Se já construiu um buildserver também é possível obter esses ficheiros diretamente do buildserver:

vagrant ssh -- -C 'tar -C ~/android-sdk/platforms czf android-19.tar.gz android-19'
vagrant ssh -- -C 'cat ~/android-sdk/platforms/android-19.tar.gz' > /caminho/para/fdroidserver/buildserver/cache/platforms/android19.tar.gz

Executar compilações

Ao usar o buildserver, executar fdroid diretamente de um checkout git de fdroidserver será o mais fácil. Se ainda não tem as ferramentas fdroidserver instaladas e configuradas, precisará fazê-lo em seguida: a instalar o Servidor e Ferramentas de Repo. Isso fornece todas as dependências necessárias para executar fdroidserver do git.

Agora está preparado para executar construções. Teste a construir a última versão do fdroid:

fdroid:~/fdroidserver$ cd ~/fdroiddata
fdroid:~/fdroiddata$ ~/fdroidserver/fdroid build org.fdroid.fdroid -l --server

Configurando o QEMU/KVM/libvirt

Embora o VirtualBox tenha sido usado no passado, as VMs convidadas QEMU/KVM via libvirt ainda é a configuração recomendada, pois é o que é usado pelo f-droid.org. Para tornar os ficheiros de imagem libvirt diretamente legíveis pelo vagrant package, o QEMU do libvirt precisa ser configurado para sempre definir a propriedade para libvirt.libvirt.
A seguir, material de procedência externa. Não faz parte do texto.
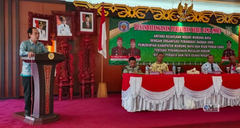 MURUNG RAYA, kaltengtimes.co.id – Asisten Pemerintahan, Hukum dan Politik Setda Kab.Murung Raya, Serampang menuturkan, penandatanganan kerjasama antara Pemerintah Kabupaten Murung Raya dan Kejaksaan Negeri Murung Raya merupakan sarana untuk menjaga dan mempererat hubungan antara Pemkab Murung Raya dengan Kejaksaan Negeri Murung Raya, serta bermanfaat dalam mewujudkan kesamaan pandang terhadap upaya dan langkah yang diperlukan dalam penyelesaian masalah hukum di Bidang Perdata dan Tata Usaha Negara.

root:~# cat << EOF >> /etc/libvirt/qemu.conf
user = "libvirt"
group = "libvirt"
dynamic_ownership = 1
EOF
root:~# service libvirtd restart
Debian/bullseye e Ubuntu/xenial
root:~# adduser fdroid libvirt
root:~# adduser fdroid libvirt-qemu
Debian e Ubuntu mais velhos
root:~# adduser fdroid libvirtd
root:~# adduser fdroid kvm

Configuração avançada de KVM aninhada:

Esta secção não é relevante para o uso do F-Droid numa configuração normal. Se quiser executar o flag fdroid build --server dentro de um KVM, este capítulo ajudará-o a começar.

Considere a seguinte configuração básica de aninhamento:

bare metal host (l0)
\- F-Droid VM (l1)
   \- F-Droid builder VM (l2)

Os passos acima descrevem como configurar (l1) e makebuildserver configura (l2).

Primeiro de tudo, terá que verificar se sua cpu suporta o conjunto de instruções vmx (ou svm no amd). Pode usar este comando para listar detalhes sobre sua cpu:

root:~# cat /proc/cpuinfo

Em (l0) tem que verificar se o aninhamento está ativado:

root:~# cat /sys/module/kvm_intel/parameters/nested

Se não estiver ativado, pode ativá-lo a executar:

echo "options kvm-intel nested=Y" > /etc/modprobe.d/kvm-intel.conf

Terá de reiniciar o computador para que isto tenha efeito.

Em seguida, precisará certificar-se de que a sua configuração (l1) vm encaminha os recursos de cpu necessários para o agrupamento. Então abra sua configuração para a VM /etc/libvirt/qemu/my-vm.xml e insira um bloco de cpu dentro da sua etiqueta de domínio. (virt-manager também fornece uma interface de utilizador para esta operação.)

<cpu mode='custom' match='exact'>
    <model fallback='allow'>SandyBridge</model>
    <vendor>Intel</vendor>
    <feature policy='require' name='vmx'/>
</cpu>

A configuração realmente necessária aqui depende da sua cpu. Encontra detalhes em manual do libvirt. A parte importante é que encaminha vmx (ou svmm no amd) para o sistema convidado.